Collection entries
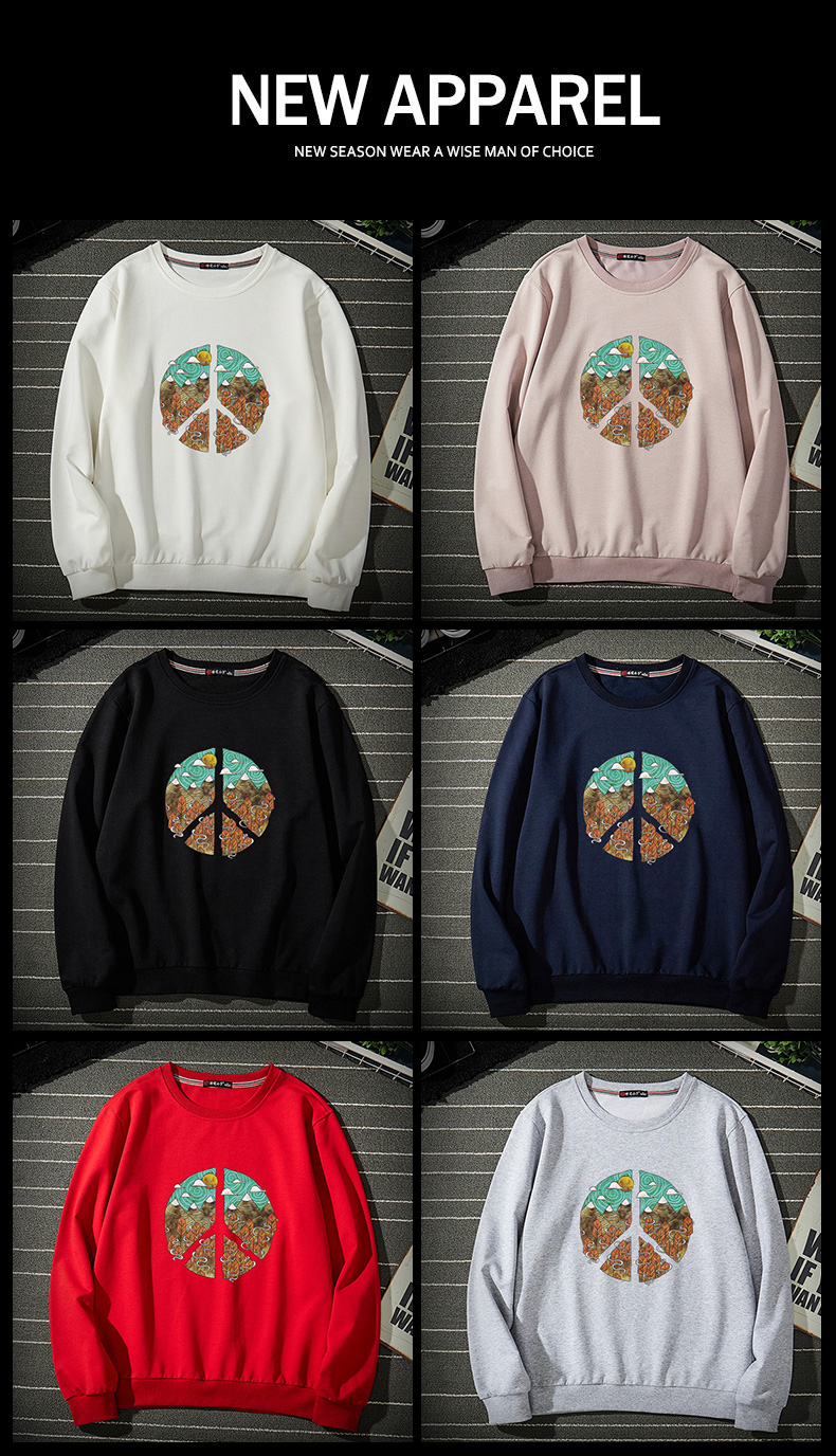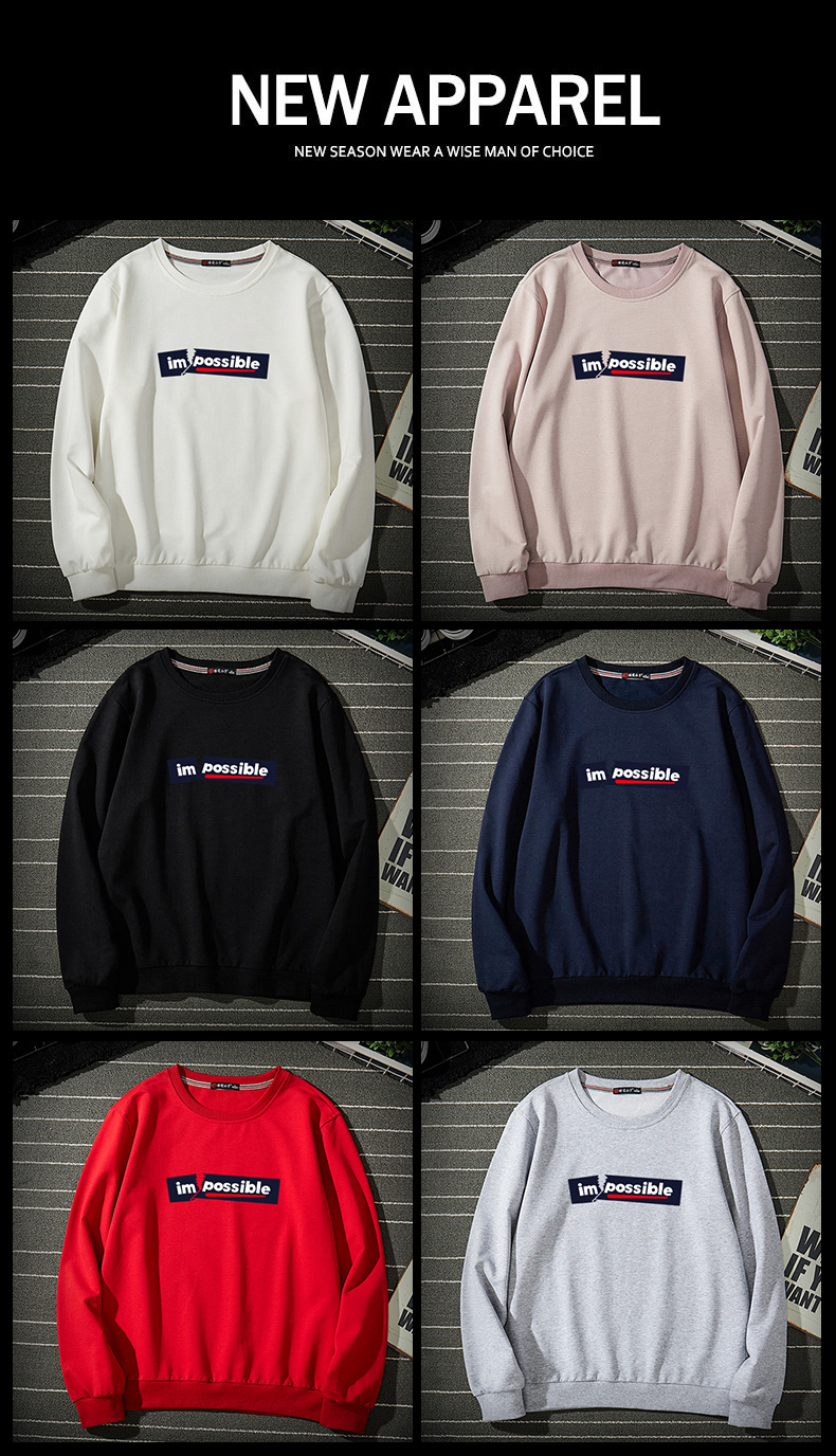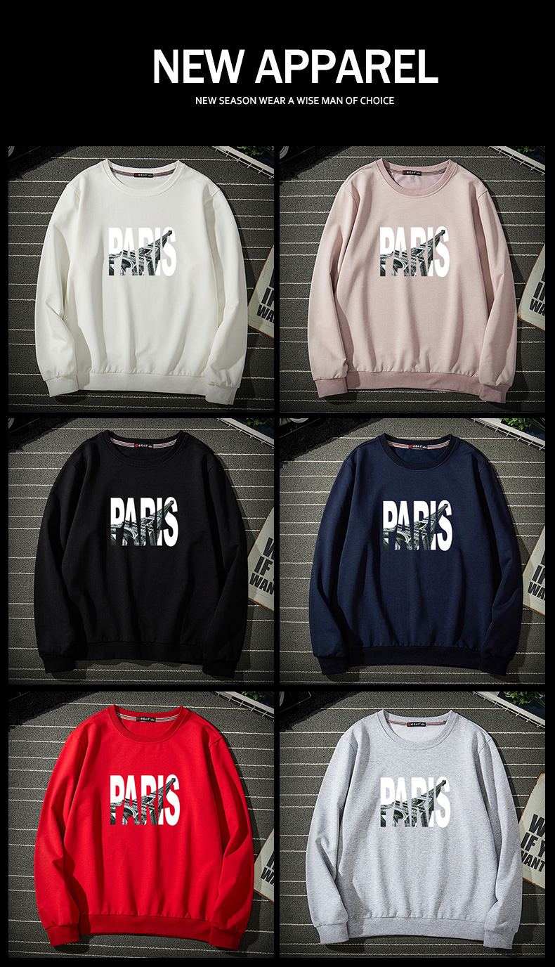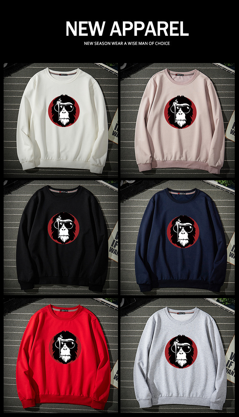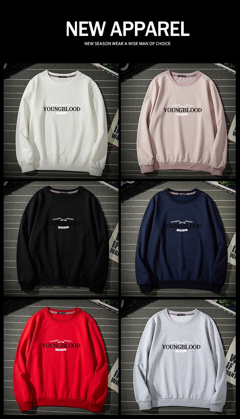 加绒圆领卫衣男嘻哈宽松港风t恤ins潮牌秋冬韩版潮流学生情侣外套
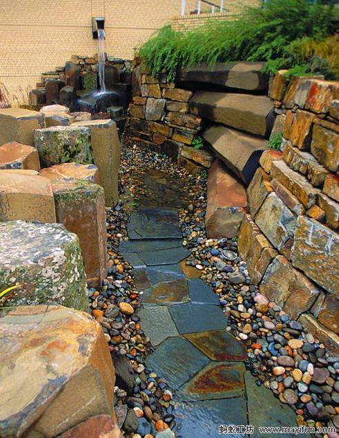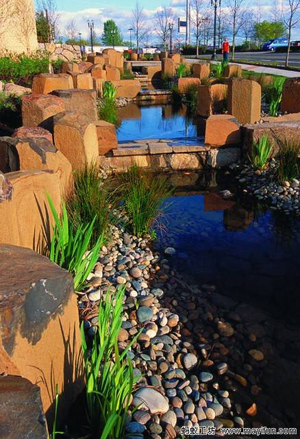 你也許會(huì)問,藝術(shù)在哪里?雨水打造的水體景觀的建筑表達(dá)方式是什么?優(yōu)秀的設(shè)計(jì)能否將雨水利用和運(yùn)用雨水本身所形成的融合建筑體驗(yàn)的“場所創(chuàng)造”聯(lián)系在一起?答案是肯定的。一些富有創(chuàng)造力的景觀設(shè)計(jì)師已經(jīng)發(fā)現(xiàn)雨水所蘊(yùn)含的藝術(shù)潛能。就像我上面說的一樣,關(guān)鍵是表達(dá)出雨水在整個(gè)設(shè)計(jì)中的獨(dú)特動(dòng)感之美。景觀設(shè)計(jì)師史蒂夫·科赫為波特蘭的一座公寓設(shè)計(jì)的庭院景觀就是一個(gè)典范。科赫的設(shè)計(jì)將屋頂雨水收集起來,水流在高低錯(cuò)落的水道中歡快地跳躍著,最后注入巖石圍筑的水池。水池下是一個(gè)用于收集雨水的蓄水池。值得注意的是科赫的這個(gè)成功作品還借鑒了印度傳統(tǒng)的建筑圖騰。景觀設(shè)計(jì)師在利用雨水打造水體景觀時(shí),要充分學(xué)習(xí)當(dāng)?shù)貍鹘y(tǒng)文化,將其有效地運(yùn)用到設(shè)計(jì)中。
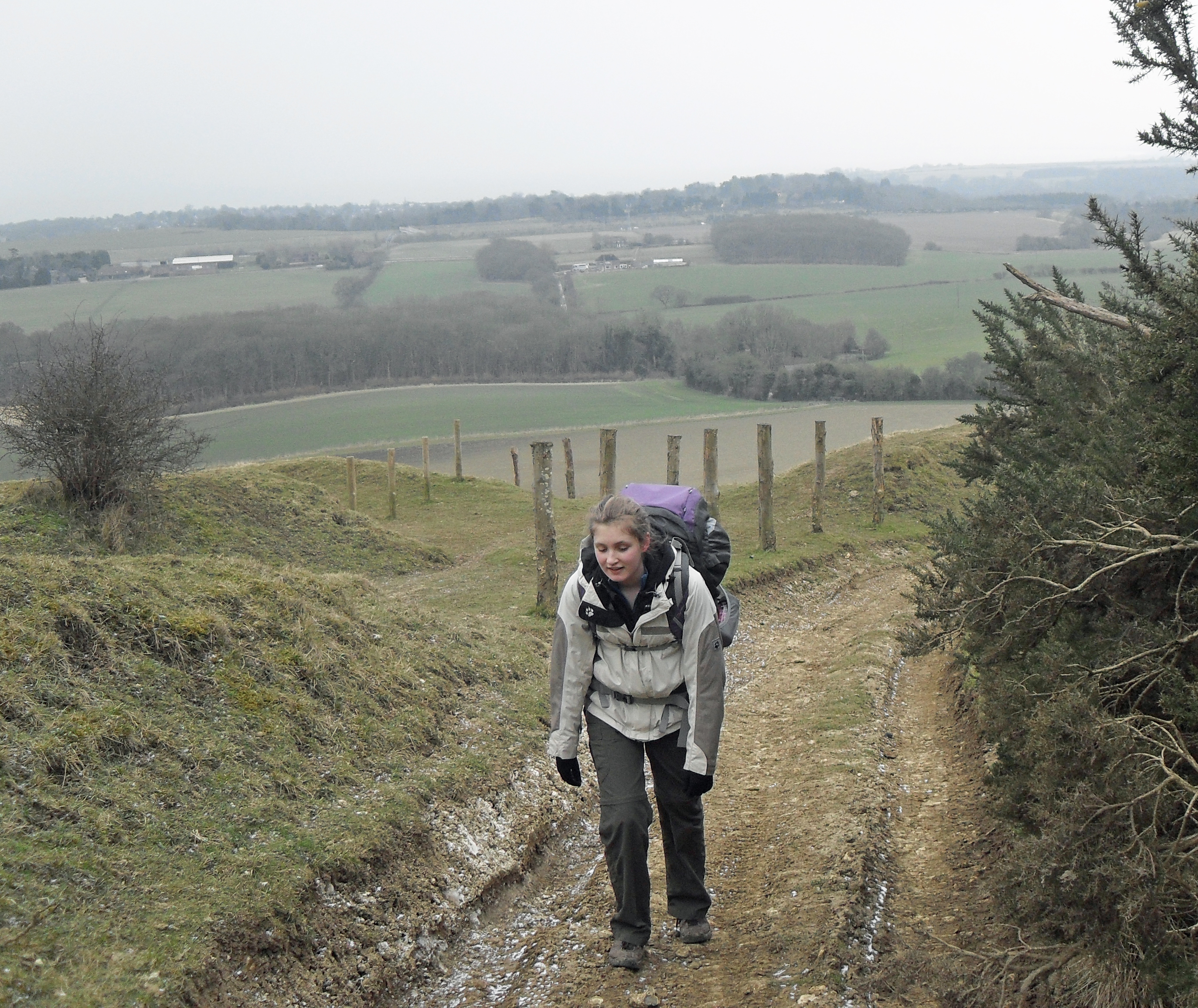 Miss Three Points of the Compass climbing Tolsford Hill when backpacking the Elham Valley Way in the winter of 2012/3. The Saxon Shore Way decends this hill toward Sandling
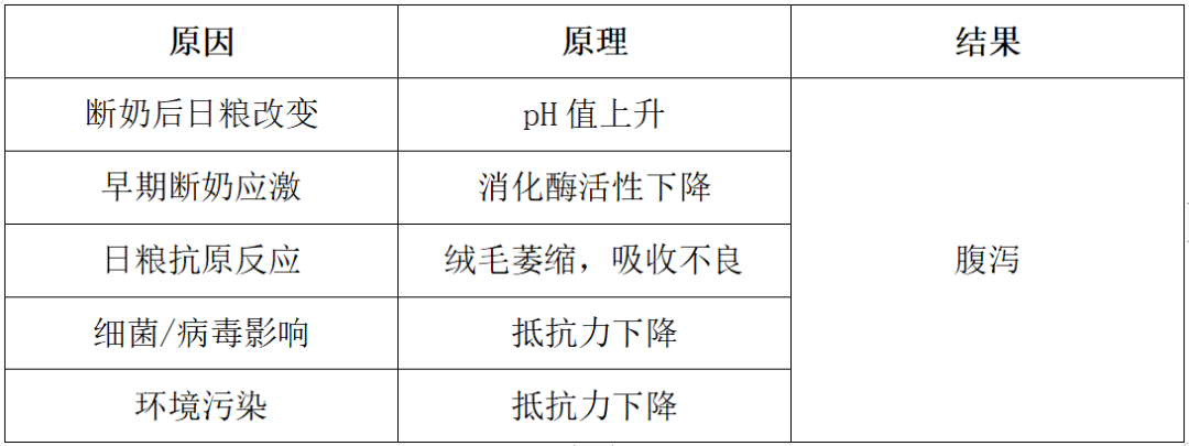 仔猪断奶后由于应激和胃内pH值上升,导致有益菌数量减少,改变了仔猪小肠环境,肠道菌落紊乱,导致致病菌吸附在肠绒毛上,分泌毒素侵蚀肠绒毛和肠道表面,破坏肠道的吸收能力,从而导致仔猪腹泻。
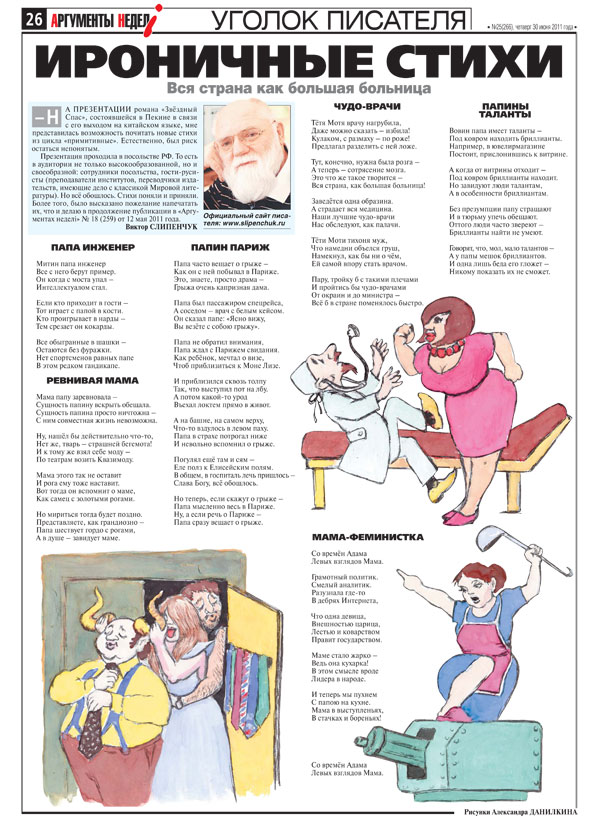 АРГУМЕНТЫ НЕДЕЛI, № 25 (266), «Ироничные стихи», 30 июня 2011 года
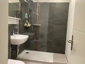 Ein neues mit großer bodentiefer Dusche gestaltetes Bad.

[Problem details] Output the records above exactly as they are, leaving out the pictures.

[Output of the exercise]
 加绒圆领卫衣男嘻哈宽松港风t恤ins潮牌秋冬韩版潮流学生情侣外套
 你也許會(huì)問,藝術(shù)在哪里?雨水打造的水體景觀的建筑表達(dá)方式是什么?優(yōu)秀的設(shè)計(jì)能否將雨水利用和運(yùn)用雨水本身所形成的融合建筑體驗(yàn)的“場所創(chuàng)造”聯(lián)系在一起?答案是肯定的。一些富有創(chuàng)造力的景觀設(shè)計(jì)師已經(jīng)發(fā)現(xiàn)雨水所蘊(yùn)含的藝術(shù)潛能。就像我上面說的一樣,關(guān)鍵是表達(dá)出雨水在整個(gè)設(shè)計(jì)中的獨(dú)特動(dòng)感之美。景觀設(shè)計(jì)師史蒂夫·科赫為波特蘭的一座公寓設(shè)計(jì)的庭院景觀就是一個(gè)典范。科赫的設(shè)計(jì)將屋頂雨水收集起來,水流在高低錯(cuò)落的水道中歡快地跳躍著,最后注入巖石圍筑的水池。水池下是一個(gè)用于收集雨水的蓄水池。值得注意的是科赫的這個(gè)成功作品還借鑒了印度傳統(tǒng)的建筑圖騰。景觀設(shè)計(jì)師在利用雨水打造水體景觀時(shí),要充分學(xué)習(xí)當(dāng)?shù)貍鹘y(tǒng)文化,將其有效地運(yùn)用到設(shè)計(jì)中。
 Miss Three Points of the Compass climbing Tolsford Hill when backpacking the Elham Valley Way in the winter of 2012/3. The Saxon Shore Way decends this hill toward Sandling
 仔猪断奶后由于应激和胃内pH值上升,导致有益菌数量减少,改变了仔猪小肠环境,肠道菌落紊乱,导致致病菌吸附在肠绒毛上,分泌毒素侵蚀肠绒毛和肠道表面,破坏肠道的吸收能力,从而导致仔猪腹泻。
 АРГУМЕНТЫ НЕДЕЛI, № 25 (266), «Ироничные стихи», 30 июня 2011 года
 Ein neues mit großer bodentiefer Dusche gestaltetes Bad.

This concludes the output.